Congressional Review Act: Under the Congressional Review Act
provisions of the Small Business Regulatory Enforcement Fairness Act of
1996 (5 U.S.C. 801 et seq.), prior to issuing any final rule, the USPTO
will submit a report containing the final rule and other required
information to the United States Senate, the United States House of
Representatives, and the Comptroller General of the Government
Accountability Office. However, this action is not a major rule as
defined by 5 U.S.C. 804(2).
List of Subjects
37 CFR Part 2
Administrative practice and procedure, Trademarks.
37 CFR Part 7
Administrative practice and procedure, Trademarks, International
registration.
Accordingly, the interim final rule amending 37 CFR parts 2 and 7,
which was published at 75 FR 35973 on June 24, 2010, is adopted as a
final rule with the following changes:
PART 2--RULES OF PRACTICE IN TRADEMARK CASES
0
1. The authority citation for 37 CFR Part 2 continues to read as
follows:
Authority: 15 U.S.C. 1123, 35 U.S.C. 2, unless otherwise noted.
0
2. Revise Sec. 2.163(a) to read as follows:
Sec. 2.163 Acknowledgment of receipt of affidavit or declaration.
* * * * *
(a) If the affidavit or declaration is filed within the time
periods set forth in section 8 of the Act, deficiencies may be
corrected after notification from the Office if the requirements of
Sec. 2.164 are met.
* * * * *
0
3. Revise Sec. 2.164(a) introductory text to read as follows:
Sec. 2.164 Correcting deficiencies in affidavit or declaration.

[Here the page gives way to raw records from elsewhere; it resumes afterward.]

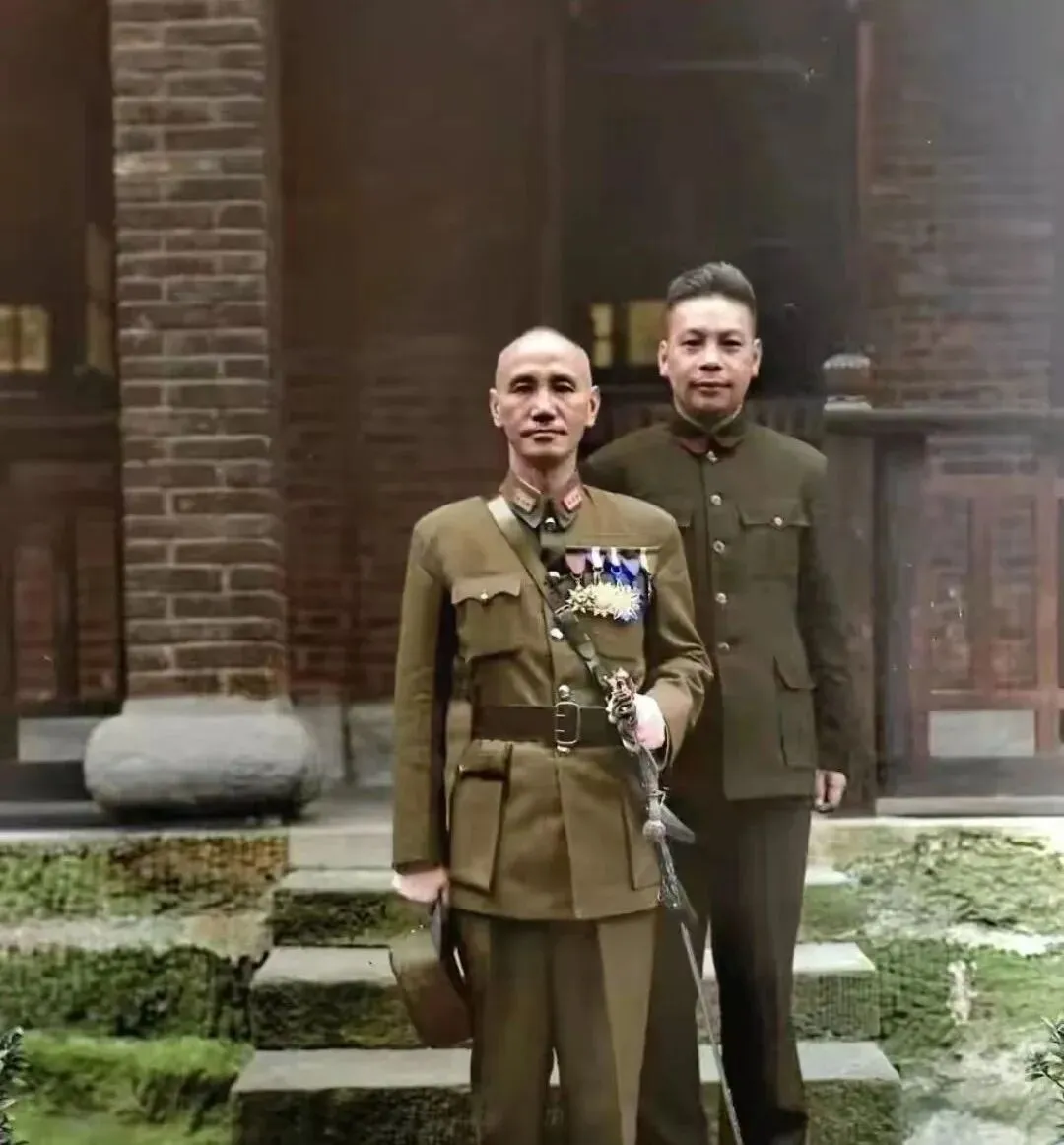 这个场景一看就是院子里台阶前的留影,前面的人军装笔挺,胸前挂满勋表,手里握着军刀,腰带打得正,后面那位站得方,神态里有股亲近又克制的劲儿,砖墙青苔顺着台阶往上爬,说明这地儿潮,拍完估摸着还得擦鞋,那时候讲究仪式,穿上礼服就该把背挺直,照片一按,就成了家里柜顶上最醒目的那张。
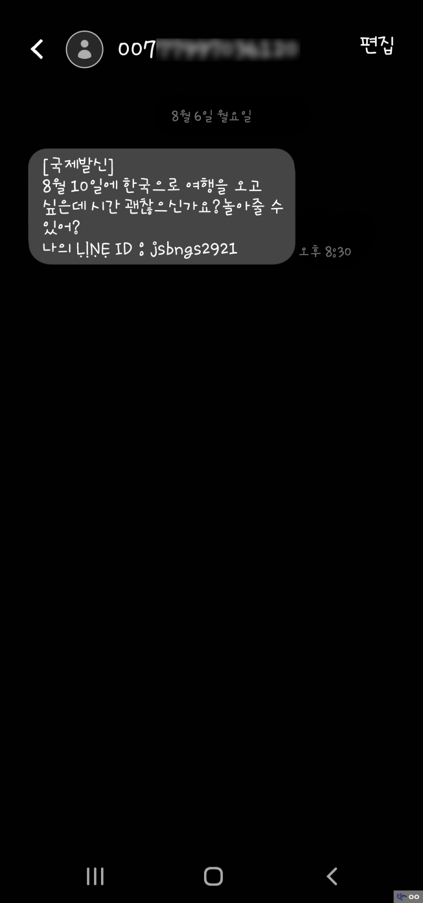 방금 수신한 문자메시지는 문 앞에서 발송되었습니다.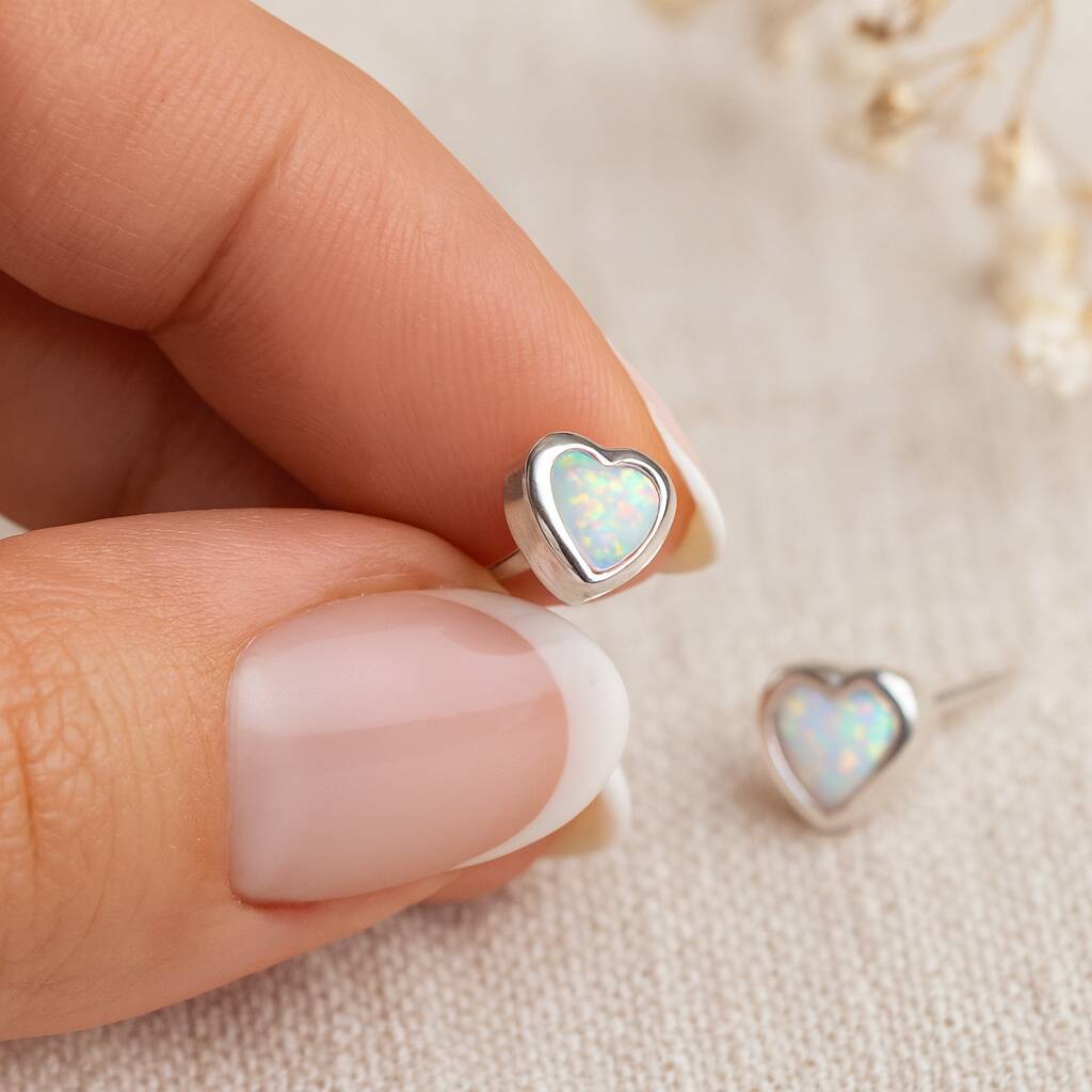 Sterling Silver White Opal Heart Stud Earrings – 5mm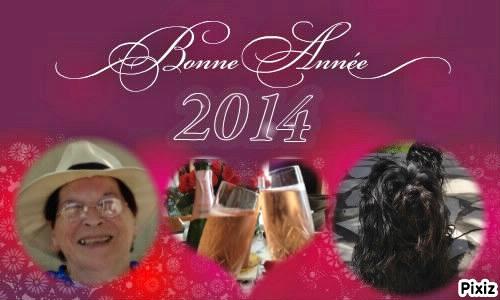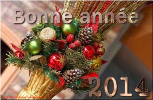 Bonjour mes amies...ben ma ZAZOUILLE tu es tombée du lit ? C'est vrai qu'aujourd'hui sera une journée un peu bousculée...Merci ma NICKIE pour tes voeux. A vous toutes je vous souhaite une année merceilleuse, remplie de joie, de bonheur et surtout de bonne santé, qu'elle réalise tout ou partie de vos désirs et par dessus tout, que nos liens d'amitié restent indéfectibles, je vous souhaite donc une très BONNE ANNEE 2014. |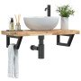 El estante de lavabo montado en la pared se fija de forma segura a la pared, proporcionando una solución elegante y que ahorra espacio para tu baño. Robusto y duradero: Este estante de lavabo se combina con una estructura de acero y una tabla de madera de acacia maciza, lo que lo hace robusto, estable y duradero.Ahorro de espacio: El estante de lavabo flotante tiene un amplio espacio para almacenar cremas y artículos pequeños. Gracias a la forma trapezoidal, puedes colgar toallas u otras cosas en el soporte para ahorrar espacio.Fácil de usar: La encimera viene sin perforar para permitir que el lavabo se monte a la izquierda, a la derecha o en el centro, según los requisitos de la habitación. Gracias a los orificios pretaladrados en el soporte, se puede montar fácilmente con el tablero y montar en la pared.Diversos usos: Gracias a su diseño moderno, proporciona espacio adicional para varios tipos de baños. Información útil:Los tornillos no están incluidos, puedes comprar los tornillos por separado según la información que se proporciona a continuación.Fijación a la pared: 2 tornillos de expansión M8 por soporteTabla de madera: 2 tornillos M5x18 (T=2) o 2 tornillos M5x20 (T=2,5/4cm) por soporte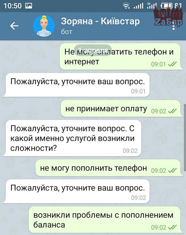 С вечера 31 марта и на утро 1 апреля пользователи компании "Киевстар" не могли воспользоваться услугами оплаты связи и ещё рядом сервисов. В "Киевстаре" объяснили из-за чего у них возникли проблемы, передает "ZаБор".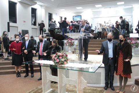 Próximo do encerramento do primeiro culto foi realizada uma oração por todos os pastores do templo sede e também por suas esposas. Pastor Hebrom Mussini recebeu uma placa de homenagem pela data. Evangelista Valdenir Berto, líder do templo central também foi presenteado.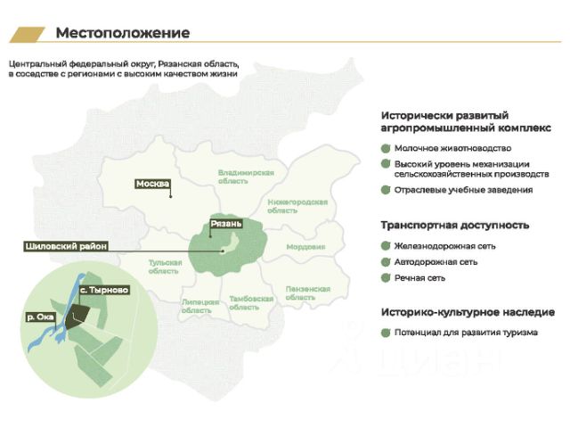 Уникальное фермерское предложение! Комплекс сельскохозяйственной недвижимости в Рязанской области, Шиловском районе, село Тырново. Производственные, складские и земельные активы с кадастровыми номерами в собственности, включая жилой дом в центре села Тырново и несколько участков под ИЖС. Идеально для масштабирования агробизнеса, логистического хаба или перепрофилирования. Всего 310 км oт Mоcквы (МКАД). Место подходит как для постоянного проживания, так и для отдыха за городом и занятием эко- фермерским хозяйством и аграрно-туристическим комплексом. Рядом находится река Ока, леса, а также местная достопримечательность - танцующий лес Продажа участка строго для дачи.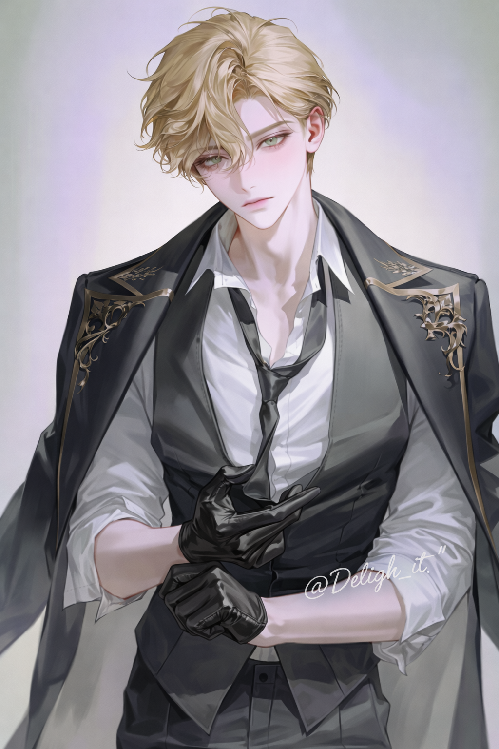 밝은 금발에 올리브빛 눈동자. 날렵한 이목구비와 부드럽게 휘어진 눈매가 친절해 보이지만, 시선 끝에는 언제나 서늘함이 남아 있다. 완벽하게 재단된 옷 위에 한 끗 느슨하게 풀어진 넥타이와 열린 셔츠 단추 — 그 여유가 오히려 더 비싸 보인다.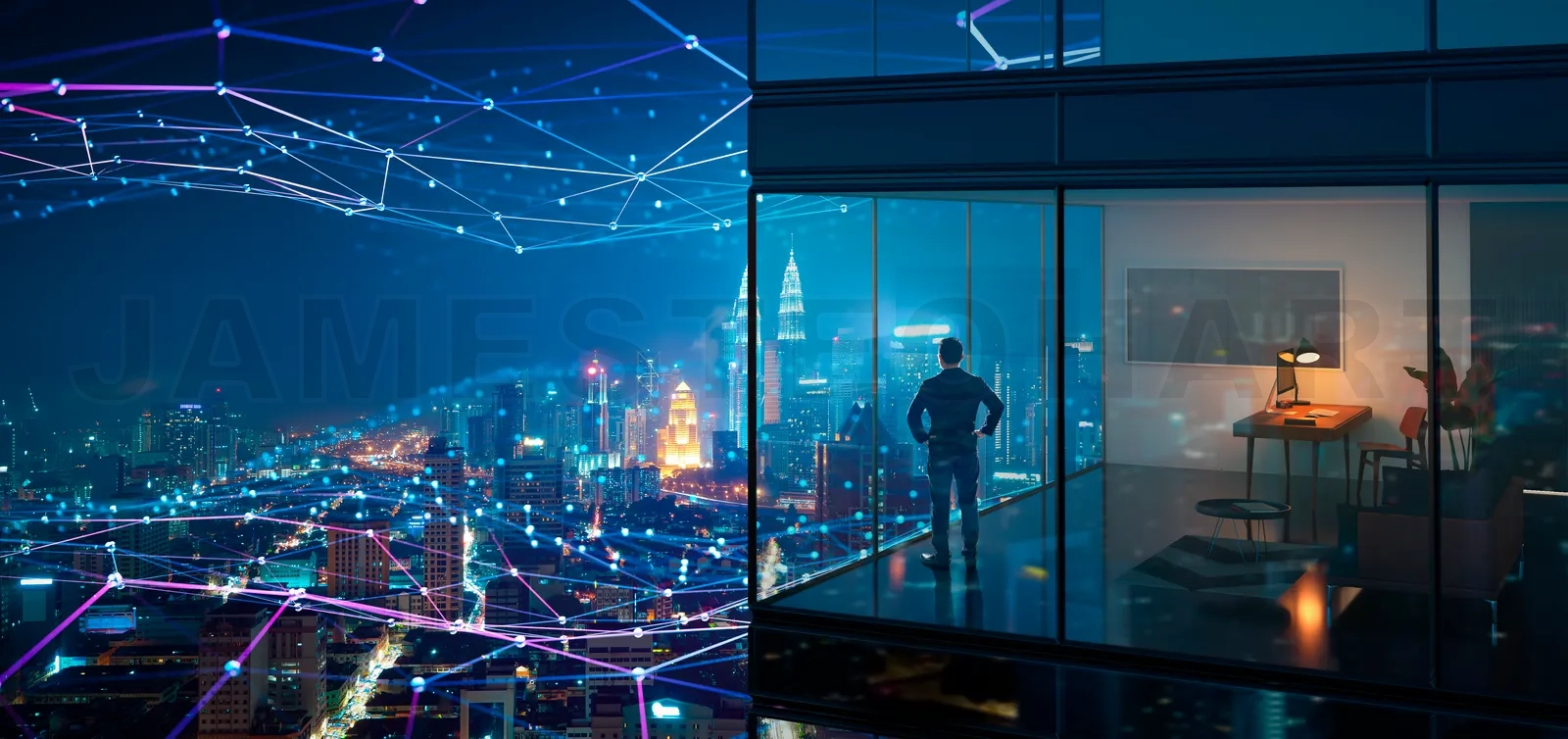 Businessman looking at a connected smart city from his office at night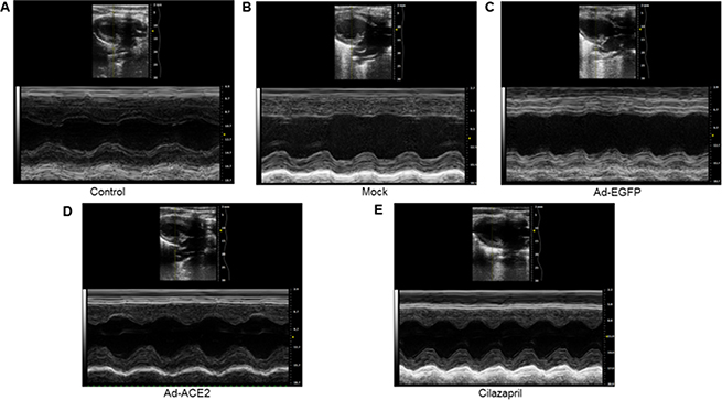As shown in Figure 6 and Table 1, LV end-systolic diameter and LVEDD were significantly decreased, whereas LVEF and FS were increased in the Ad-ACE2 and Cilazapril groups in comparison with the Mock and Ad-EGFP groups. In addition, LVEDD were higher, whereas LVEF and FS were lower in the Cilazapril group than in the Ad-ACE2 group. However, ACE2 and cilazapril had no significant effect on blood pressure and heart rate in doxorubicin-induced cardiomyopathy rats (Table 1).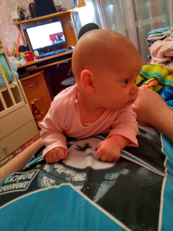 Желтушку мы победили наконец-то, боремся с гемоглобином и глазками. Надеюсь, что скоро и это вылечим. Доченька каждый день радует маму и папу, ну и конечно же везде сующих свой нос, бабушку и дедушку...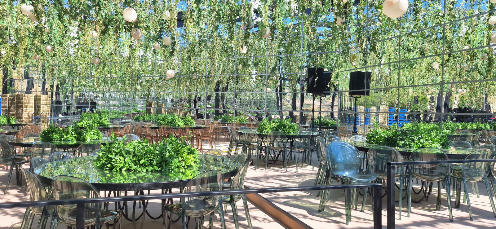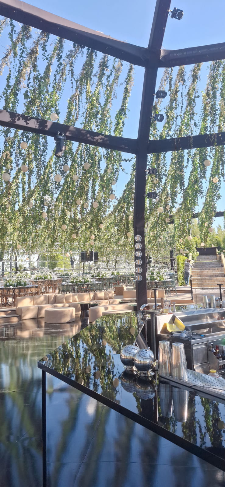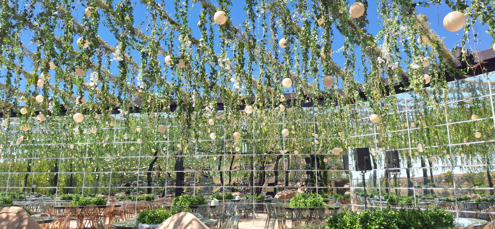 To enhance the sense of space and visual drama, 4-meter-high mirror walls will be installed strategically around the venue. These mirrors will reflect lighting effects, the central bar, and the surrounding greenery - creating an illusion of infinite depth and sophistication.
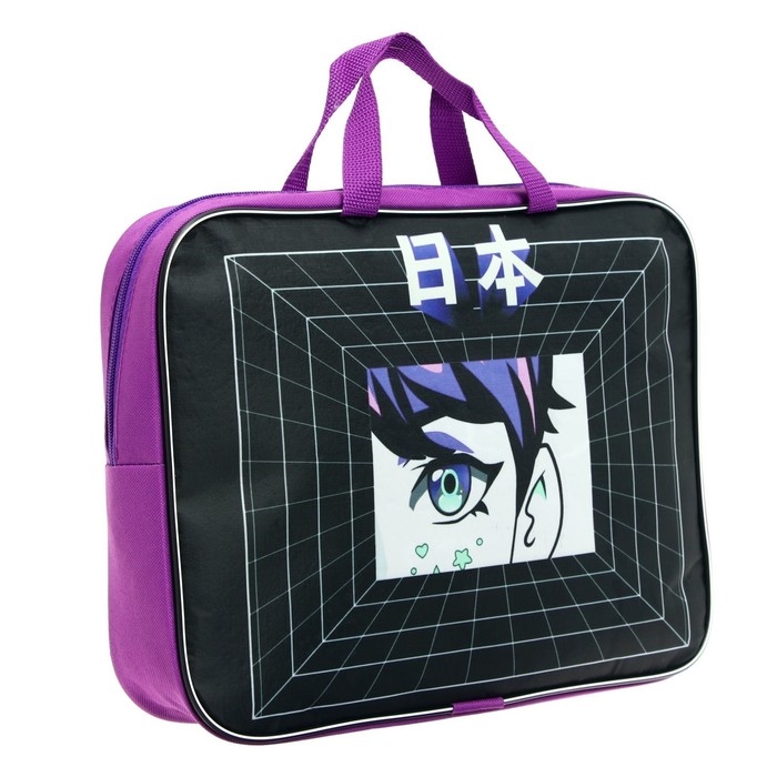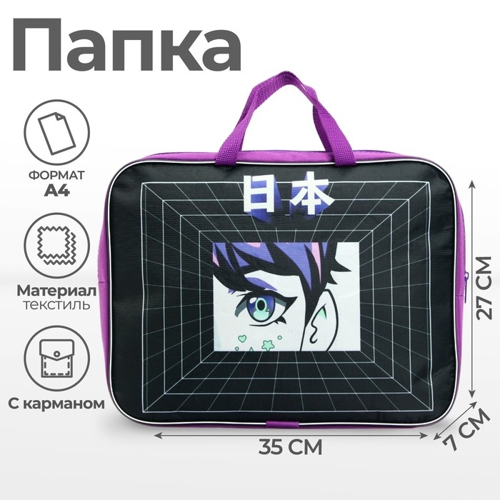 Папка с ручками А4, 330 х 260 х 75 мм, пластиковая, ручки-тесьма, Calligrata "Аниме девочка"

(a) If the affidavit or declaration is filed within the time
periods set forth in section 8 of the Act, deficiencies may be
corrected after notification from the Office, as follows:
* * * * *
PART 7--RULES OF PRACTICE IN FILINGS PURSUANT TO THE PROTOCOL
RELATING TO THE MADRID AGREEMENT CONCERNING THE INTERNATIONAL
REGISTRATION OF MARKS
0
4. The authority citation for 37 CFR Part 7 continues to read as
follows:
Authority: 15 U.S.C. 1123, 35 U.S.C. 2, unless otherwise noted.
0
5. Revise Sec. 7.39(c) introductory text to read as follows:
Sec. 7.39 Acknowledgment of receipt of and correcting deficiencies in
affidavit or declaration of use in commerce or excusable nonuse.
* * * * *
(c) If the affidavit or declaration is filed within the time
periods set forth in section 71 of the Act, deficiencies may be
corrected after notification from the Office, as follows:
* * * * *
Dated: November 1, 2011.
David J. Kappos,
Under Secretary of Commerce for Intellectual Property and Director of
the United States Patent and Trademark Office.